Game 4 of the NBA Finals was great fun. The Cavaliers got off the mat and avoided a sweep at the hands of the juggernaut Warriors, and they scored 137 points in doing it in front of their home crowd. It was a really unique sports scene.

But the officiating crew of Mike Callahan, John Goble, and Marc Davis did not have a good night. They let the game get bogged down and slide off the rails at the same time, turning it into an occasional sideshow and not the pure basketball game it could’ve been.

A few problems stand out in particular.

The Draymond Green technical foul ruckus is confounding.

It seemed cut and dry. With 6:18 left in the third quarter, the Warriors defensive ace took his second technical foul of the night. Green had been whistled for a common foul on the floor, and he apparently thought the call was soft. NBA rules stipulate that any player getting two technicals in the same game is ejected from that game. Green would have been in trouble against the Cavaliers for a second year in a row.

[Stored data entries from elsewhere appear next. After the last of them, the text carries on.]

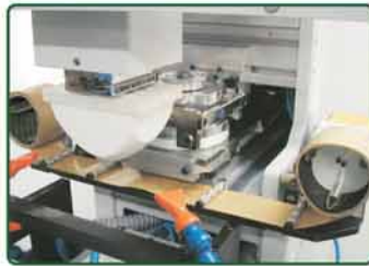
自动清洁胶头装置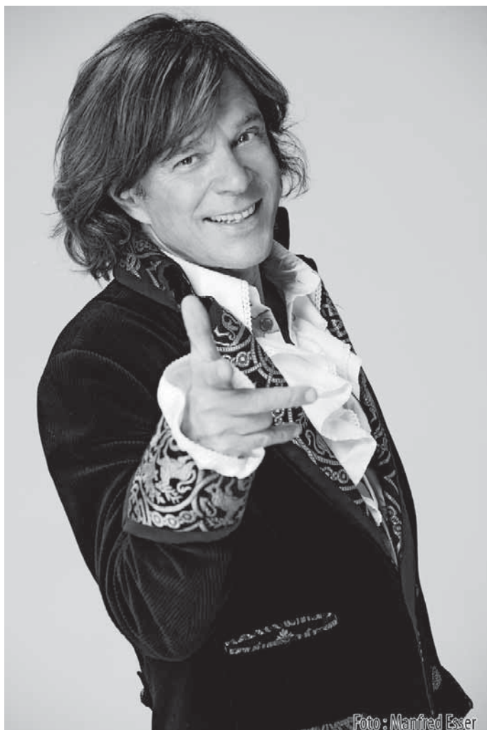
Jürgen Drews und Papi's Pumpels heizen dem Publikum bei der SWR Sommerschlagernacht am 31. Juli im Seepark ein.

Pfullendorf/pa - Die aktuelle Ausstellung von Doris Jausly in der Galerie im Grünen Haus geht am Sonntag, 24. Juli mit einer Finissage zu Ende. Die Finissage wird in Form eines literari-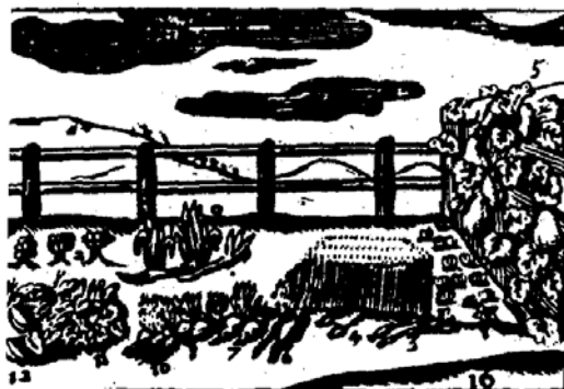
3. ábra Az Orbis pictus XVI. számú képe (Az első londoni kiadásban)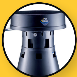
Système de flotteurs UFS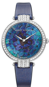
海瑞温斯顿 Premier Feathers腕表 表盘镶嵌传统经典的羽毛。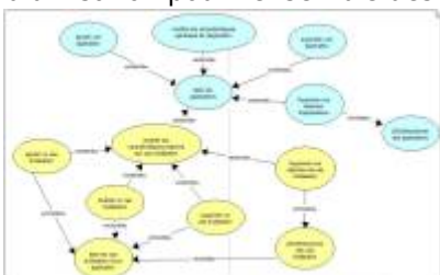
Diagramme des cas d'utilisation pour l'ensemble des fonctionnalités relatives à la gestion des applications et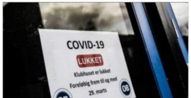
Regeringens forsigtighedsprincip med hensyn til coronaen får ros.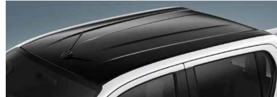
หลังคาดีไซน์ใหม่ สีดำสโตนสปอร์ต สะท้อนตัวตนที่แตกต่าง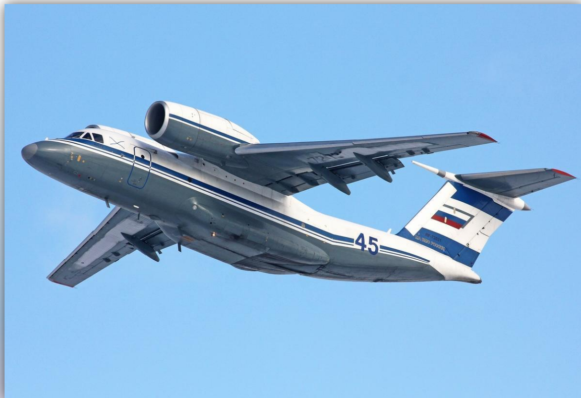
Фото: февраль 2016 года.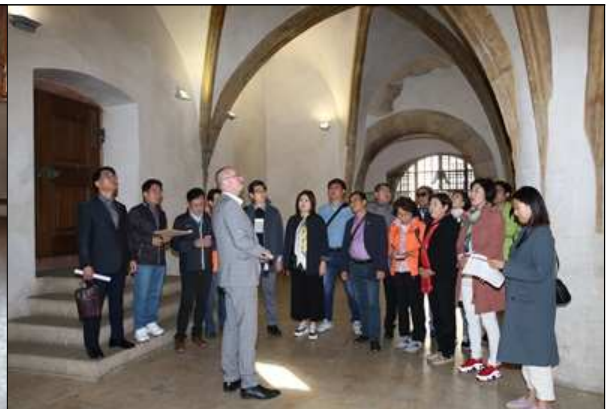
프라하 구시청 면담 2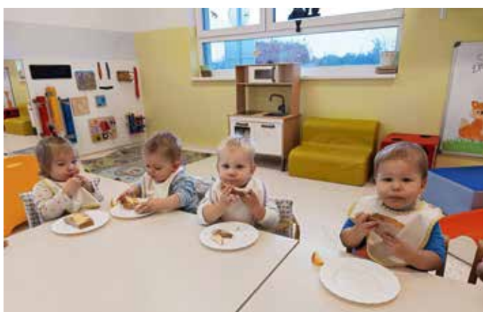
Ob tradicionalnem slovenskem zajtrku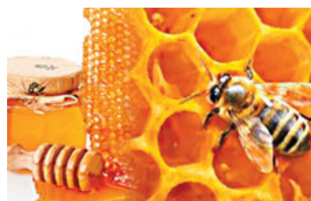
美國裁定繼續對中國產蜂蜜徵收反傾銷稅，稅率最高達183.80%。

素密切相關。商務部多次表示，冀美國政府恪守反貿易保護主義承諾，共同維護自由、開放、公正的國際貿易環境，理性妥善地處理貿易摩擦。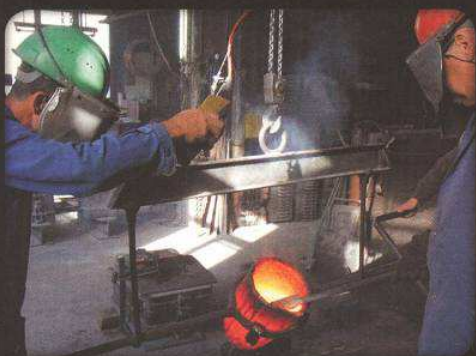
Le coulage du bronze nécessite une bonne coordination, car cette opération doit être rapide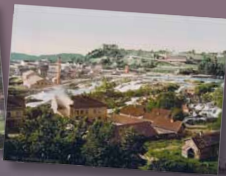
Hønefoss, ca. år 1900.

Temaet er allmenngyldig og vi har gode eksempler nasjonalt – og enda flere internasjonalt. Nøkkelbegrep er energipassiv boligbygging, kollektivtransport, tilrettelegging for gående og syklende, parkeringsrestriksjoner og nærhet til offentlige tilbud, søkelys på kultur i byen og ulike former for handel. Har en liten norsk by muligheter til å benytte seg av samme metodikk som vi kjenner fra mer kjente europeiske byer – hva må til?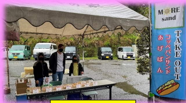
MORE SAND さん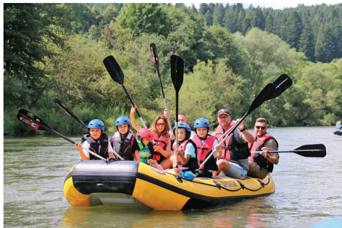
W imprezie udział wzięło 57 osób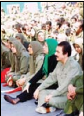
مسعود رجوی و مریم فخر عبدالنلو در جمع اعضای گروهک منافقین

می‌دهد. این پژوهش از سوی مهدی‌حق‌بین تألیف شده و مرکز اسناد انقلاب اسلامی به انتشار آن اهتمام ورزیده است. تارنمای ناشر در ایضاحی پیرامون موضوع این‌ کتاب چنین آورده است: «سازمان مجاهدین خلق ایران (منافقین). نام یک گروه سیاسی - نظامی است که در سال ۱۳۴۴، با هدف سرنگونی رژیم پهلوی تأسیس شد. این سازمان تحت تأثیر سرکوب قیام مردمی ۱۵ خرداد و در جریان تدوین استراتژی خویش به مبارزه مسلحانه رسید و به تدریج با بهره‌گیری از تئوری‌ها و تجارب جریان‌های چپ و مارکسیستی، شیوه جنگ چریکی شهری را اتخاذ کرد. در سال ۱۳۵۰ بنیانگذاران سازمان و به دنبال آن اکثریت کادر آن از سوی ساواک دستگیر و اعدام شدند. با اعدام بنیانگذاران و تعدادی از کادرهای اصلی، سازمان ضربه سختی را متحمل شد تا جایی که در آستانه‌اصحلال قرار گرفت. پس از ضربه شهریور ۵۰میلیون نیروهای مذهبی و اصلی سازمان دستگیر شدند و اعضای دستگیر نشده - که دارای گرایش‌های جدی به مارکسیسم بودند- هدایت سازمان را به دست گرفتند و همین اعضا رسماً تغییراً ایدئولوژی سازمان از اسلام به مارکسیسم را اعلام کردند. این مسئله باعث ایجاد تضادهای جدی میان اعضای مسلمان و مارکسیست شده سازمان شد که در نتیجه به تصفیه و قتل نیروهای مذهبی سازمان از سوی اعضای مارکسیست سازمان منجر شد. این کشاکش تا پیروزی انقلاب اسلامی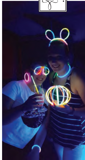
Bunt ging es bei der Schwarzlichtparty auf der Bude zu... Gibson und Nike in Feierlaune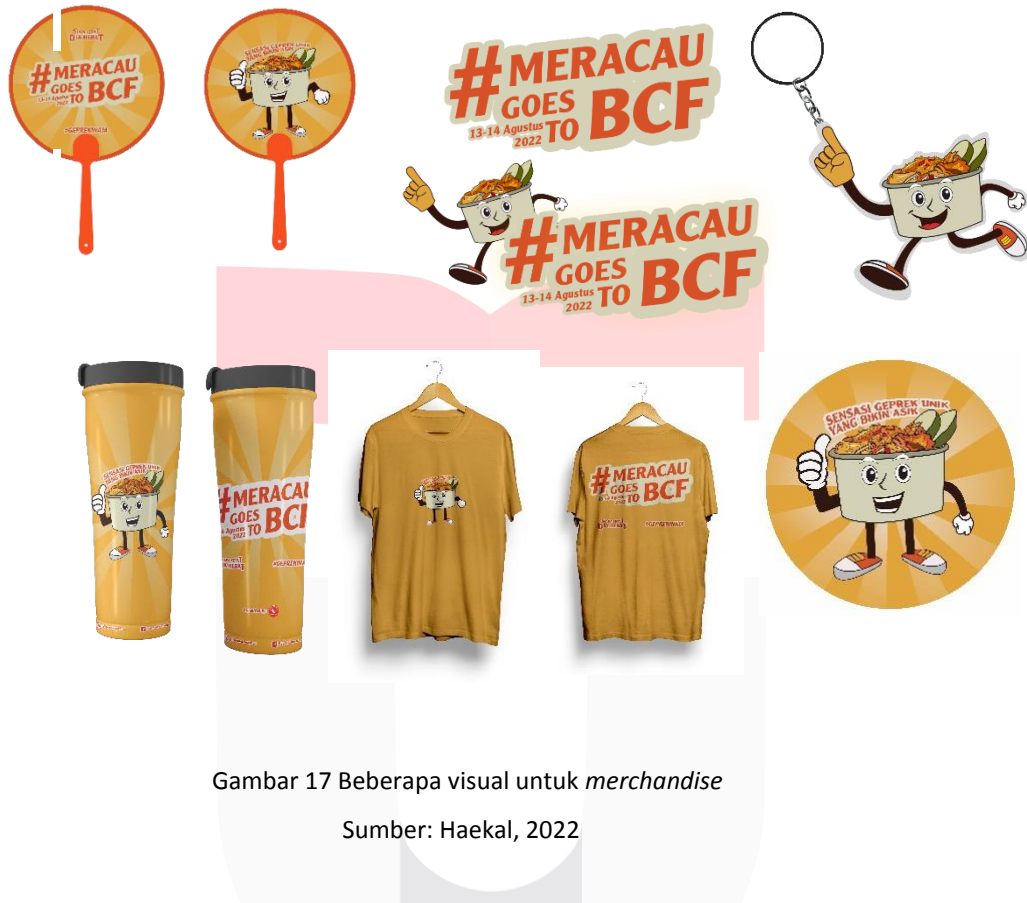
Gambar 17 Beberapa visual untuk merchandise

mendapat merchandise berupa sticker, keychain atau handfan, dan untuk yang berhasil mendapatkan promo dari bermain games dan mengupload keseruan mereka saat di booth maka akan mendapat merchandise eksklusif berupa botol tumblr dan t-shirt.

Green’s first technical supposedly came in the first half, after he inadvertently hit the Cavaliers’ Iman Shumpert directly in the face. Green appeared to get the technical for an outburst toward an official immediately afterward. He didn’t have much an argument to make, though. This is not a legal play:

So, the third-quarter tech should’ve spelled the end of Green’s night. Even the NBA’s official scorebook, which I’m looking at well after the game ended, says this:

But the officials pivoted. They said the first technical had actually not been on Green, but instead on his head coach, Steve Kerr, for arguing the call. That was weird. Kerr had reacted unhappily to the call on Green, but he didn’t spring from the bench in a particularly combative way. And it looked like his most profound anger was about the technical on Green.

 

Hopefully, we’ll learn more from the officiating crew about why and how this unfolded. But the feeling I got watching was that the referees panicked about taking a star player out of the game while his team was trying to complete a historic sweep. I suspect I’m not the only viewer who felt that way, and that’s not great. It didn’t matter in the end, but if Golden State had come back from what was then a 15-point deficit, we’d have spent an entire summer talking about this bit of absurdity.

The officials didn’t have a lot of control.

Zaza Pachulia punched Iman Shumpert in the testicles without any apparent consequence, and the teams gathered angrily for several minutes.

The game didn’t have much flow to it. The third quarter felt like it took several hours to complete. (In reality, it took the better part of one hour.)

“It was just an incredibly physical game,” Kerr said afterward. “That was obvious from the beginning. Ton of fouls called early. Lot of holding and grabbing and pushing and shoving. It just got out of hand a little bit. The third quarter, it just felt like the game was stopping every time.”

Is it possible for a team to score 137 points against an elite defense in the NBA Finals in a game that somehow has almost no continuous flow? That’s what Game 4 was like.

This is a series that has LeBron James, Kevin Durant, Steph Curry, and Kyrie Irving in it, among other likely future Hall of Famers. Everyone tuned in Friday to watch those players play, not to watch the officiating crew officiate.